**WHAT YOU ARE ASKED TO DO**
Reproduce the listing below in full and without alteration, apart from its pictures.

☆ ☆ ☆ ☆ ☆

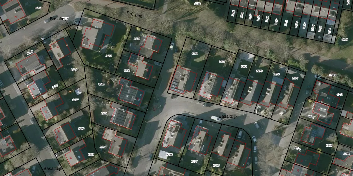 Het perceel waarop Basaltdijk 40 staat heeft een oppervlakte van 498 m². Dit is een groot perceel. De perceeloppervlakte wordt geregistreerd door het Kadaster. Gedetailleerde informatie over de maten van dit perceel kunt u vinden in het rapport Kadastrale kaart met maatvoering van Basaltdijk 40.
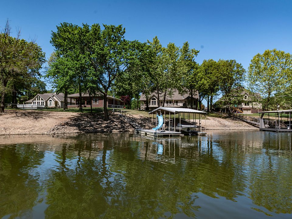 Charming waterfront home in Patricia Island Estates and Golf Club. 110' of gentle slope lakefront, covered boat dock 10'x22' slip, wood deck with covered area & open deck area to enjoy the lake views. Quality built home features spacious living room, gas log fireplace, new carpet, Lake views, newly remodeled kitchen, granite counter tops, stainless appliances, 5 burner gas cooktop, Island work space, eating bar, breakfast nook overlooking the lake. Formal Dining room just off the kitchen, office just off entry can also serve as a 4th bedroom. Master suite on the main level, lake views, deck access, private bath features double sink vanity, new ceramic tile shower w/clear glass door, whirpool tub and huge walkin closet. Upper level features huge family room, 2 Guest bedrooms and full bath
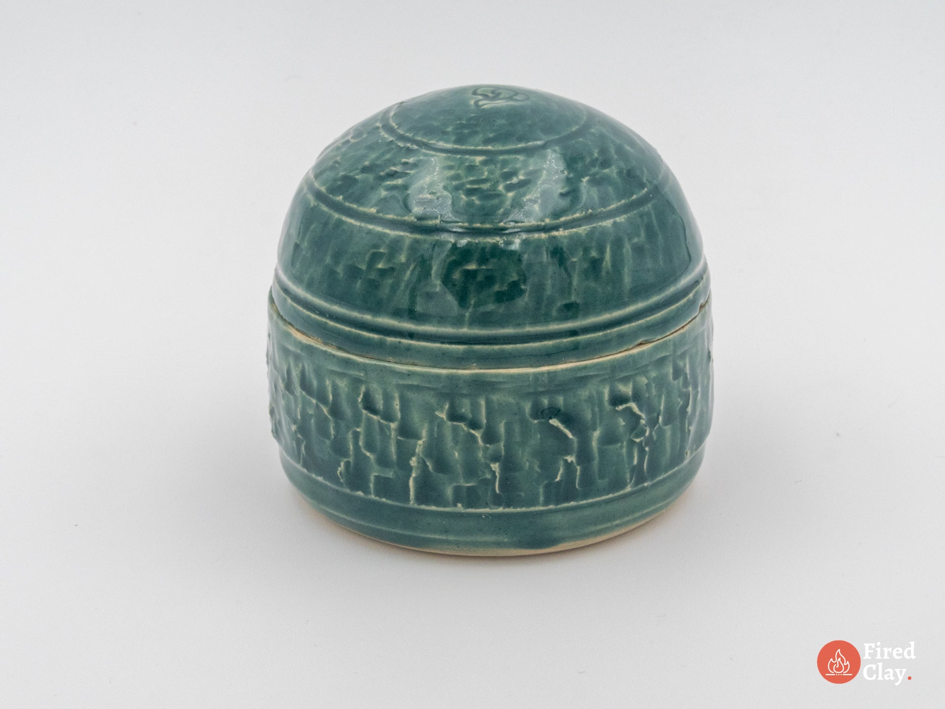 A small closed form lidded jar, or circular box-jar with a chattering texture in a celadon green glaze
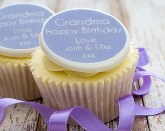 Grandma Birthday Cupcake Toppers. Grandma Gift. Granny cake decorations. Grandmother gifts. Granny gift. Edible sugar cup cake decorations.
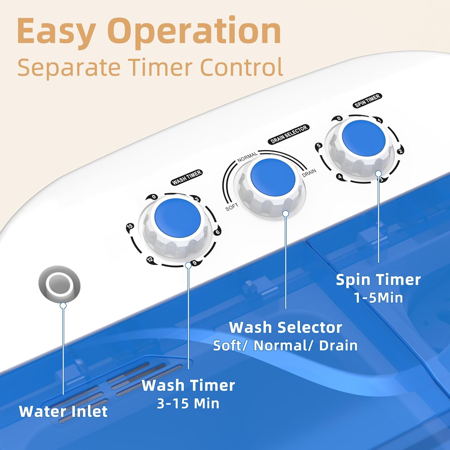 - User-Friendly Controls: Simple 3-knob control panel allows you to easily customize wash time (0-15 mins) and spin duration (0-5 mins) for different fabric types.
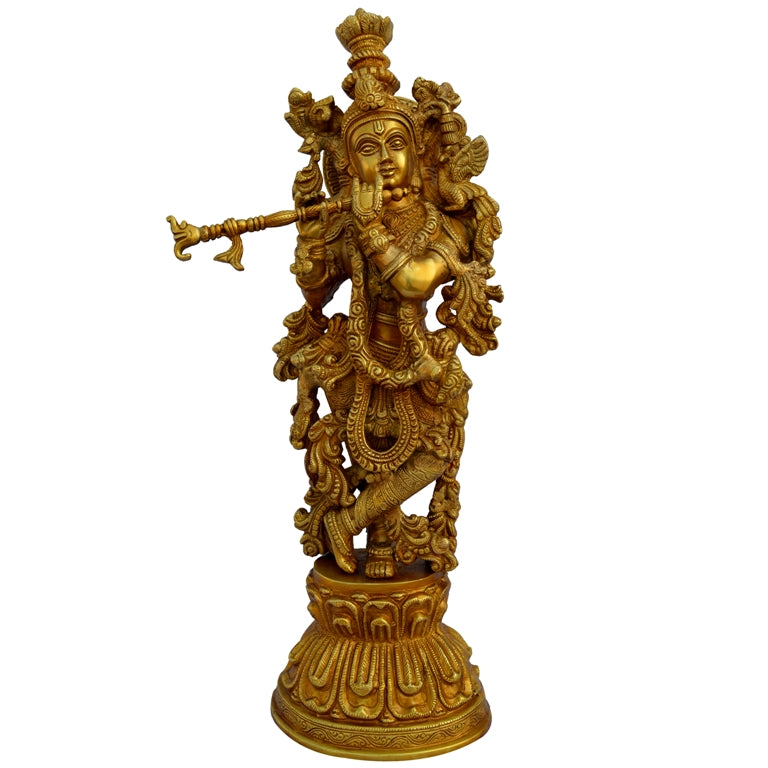 Handcrafted Brass Krishna Murti | Aesthetic Idol for Your Sacred Space | Brass Krishna Murti ( Yellow, 20 inch)
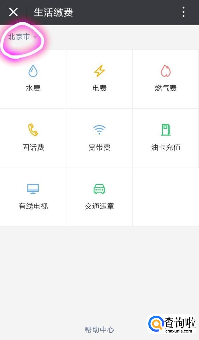 进入缴费界面,能够看到很多项业务,先不要着急去点,先确定左上方的地点是否是自己要缴费的所在城市。如果自动定位地址错误,可以点击显示的地点,重新选择城市。
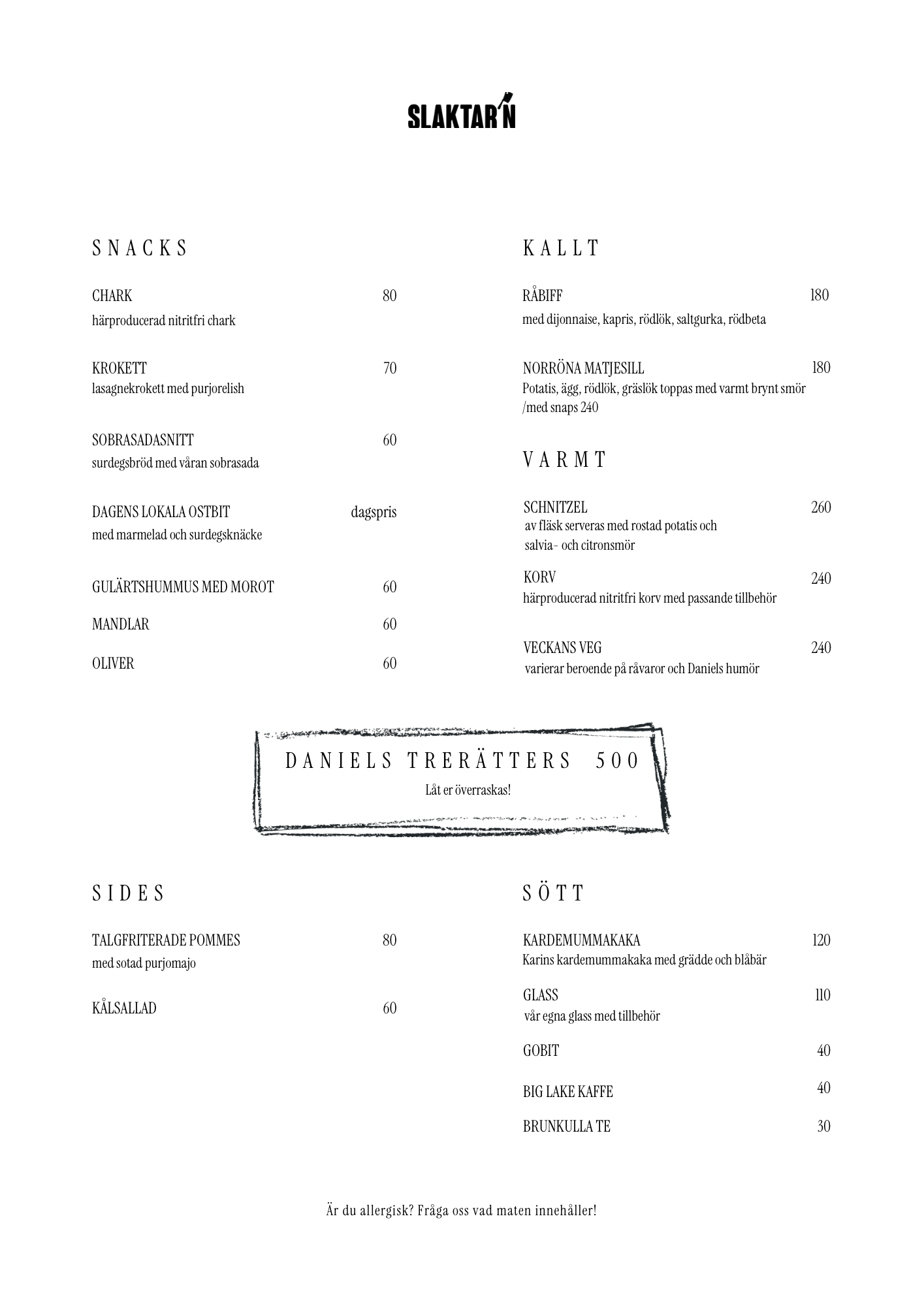 Boka bord? Såklart! Det gör du på knappen nedanför. Mejla info@slaktarn.nu om ni är fler än 6 pers som vill boka bord. Vill ni boka korvkurs med middag eller en catering? Då är det bara att mejla eran förfrågan också!
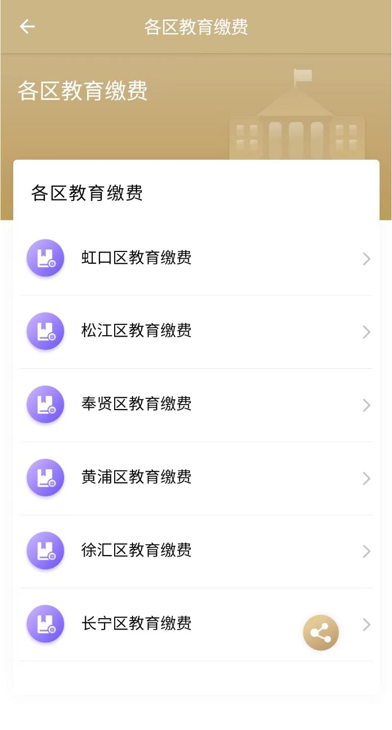 各区教育缴费1、点击“各区教育缴费”,选择就读学校所在区,进入对应缴费平台。目前已支持松江、黄浦、徐汇、长宁、虹口、奉贤区统一在线缴费。
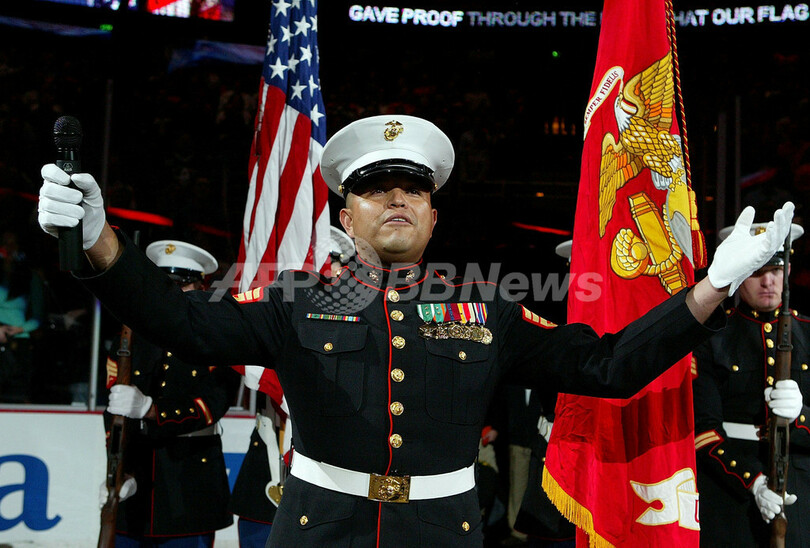 スポーツ ウインタースポーツ スタンレー杯・第5戦を前に米国海兵隊二等軍曹が国歌独唱 2007年6月7日 9:51 発信地:アナハイム/米国 [ 北米 米国 ] このニュースをシェア ‹ › ❮ 3/3 ❯ 国歌独唱を行う米国海兵隊ファン・コントレラス二等軍曹。(c)AFP/Getty Images Jim McIsaac 画像作成中 ! 【6月7日 AFP】06-07NHL、スタンレー杯(Stanley Cup 2007)、アナハイム・ダックス(Anaheim Ducks)vsオタワ・セネターズ(Ottawa Senators)、第5戦。試合前の米国国歌斉唱が、米国海兵隊ファン・コントレラス二等軍曹によって行われた。(c)AFP/Getty Images ウインタースポーツ 一覧へ> メディア・報道関係・法人の方向け 写真・動画 購入のお問合せ>
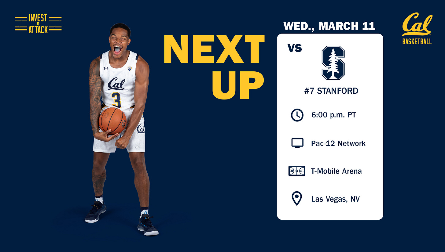 Cal will begin the Pac-12 tournament against 7 seed Stanford, and the winner will play 2 seed UCLA. Meanwhile, Stanford and UCLA are both right on the razor’s edge of the bubble. As of Monday night The Bracket Matrix has Stanford as the 3rd to last team IN, while UCLA is the first team OUT.

☆ ☆ ☆ ☆ ☆

**FINISHED EXERCISE**
 Het perceel waarop Basaltdijk 40 staat heeft een oppervlakte van 498 m². Dit is een groot perceel. De perceeloppervlakte wordt geregistreerd door het Kadaster. Gedetailleerde informatie over de maten van dit perceel kunt u vinden in het rapport Kadastrale kaart met maatvoering van Basaltdijk 40.
 Charming waterfront home in Patricia Island Estates and Golf Club. 110' of gentle slope lakefront, covered boat dock 10'x22' slip, wood deck with covered area & open deck area to enjoy the lake views. Quality built home features spacious living room, gas log fireplace, new carpet, Lake views, newly remodeled kitchen, granite counter tops, stainless appliances, 5 burner gas cooktop, Island work space, eating bar, breakfast nook overlooking the lake. Formal Dining room just off the kitchen, office just off entry can also serve as a 4th bedroom. Master suite on the main level, lake views, deck access, private bath features double sink vanity, new ceramic tile shower w/clear glass door, whirpool tub and huge walkin closet. Upper level features huge family room, 2 Guest bedrooms and full bath
 A small closed form lidded jar, or circular box-jar with a chattering texture in a celadon green glaze
 Grandma Birthday Cupcake Toppers. Grandma Gift. Granny cake decorations. Grandmother gifts. Granny gift. Edible sugar cup cake decorations.
 - User-Friendly Controls: Simple 3-knob control panel allows you to easily customize wash time (0-15 mins) and spin duration (0-5 mins) for different fabric types.
 Handcrafted Brass Krishna Murti | Aesthetic Idol for Your Sacred Space | Brass Krishna Murti ( Yellow, 20 inch)
 进入缴费界面,能够看到很多项业务,先不要着急去点,先确定左上方的地点是否是自己要缴费的所在城市。如果自动定位地址错误,可以点击显示的地点,重新选择城市。
 Boka bord? Såklart! Det gör du på knappen nedanför. Mejla info@slaktarn.nu om ni är fler än 6 pers som vill boka bord. Vill ni boka korvkurs med middag eller en catering? Då är det bara att mejla eran förfrågan också!
 各区教育缴费1、点击“各区教育缴费”,选择就读学校所在区,进入对应缴费平台。目前已支持松江、黄浦、徐汇、长宁、虹口、奉贤区统一在线缴费。
 スポーツ ウインタースポーツ スタンレー杯・第5戦を前に米国海兵隊二等軍曹が国歌独唱 2007年6月7日 9:51 発信地:アナハイム/米国 [ 北米 米国 ] このニュースをシェア ‹ › ❮ 3/3 ❯ 国歌独唱を行う米国海兵隊ファン・コントレラス二等軍曹。(c)AFP/Getty Images Jim McIsaac 画像作成中 ! 【6月7日 AFP】06-07NHL、スタンレー杯(Stanley Cup 2007)、アナハイム・ダックス(Anaheim Ducks)vsオタワ・セネターズ(Ottawa Senators)、第5戦。試合前の米国国歌斉唱が、米国海兵隊ファン・コントレラス二等軍曹によって行われた。(c)AFP/Getty Images ウインタースポーツ 一覧へ> メディア・報道関係・法人の方向け 写真・動画 購入のお問合せ>
 Cal will begin the Pac-12 tournament against 7 seed Stanford, and the winner will play 2 seed UCLA. Meanwhile, Stanford and UCLA are both right on the razor’s edge of the bubble. As of Monday night The Bracket Matrix has Stanford as the 3rd to last team IN, while UCLA is the first team OUT.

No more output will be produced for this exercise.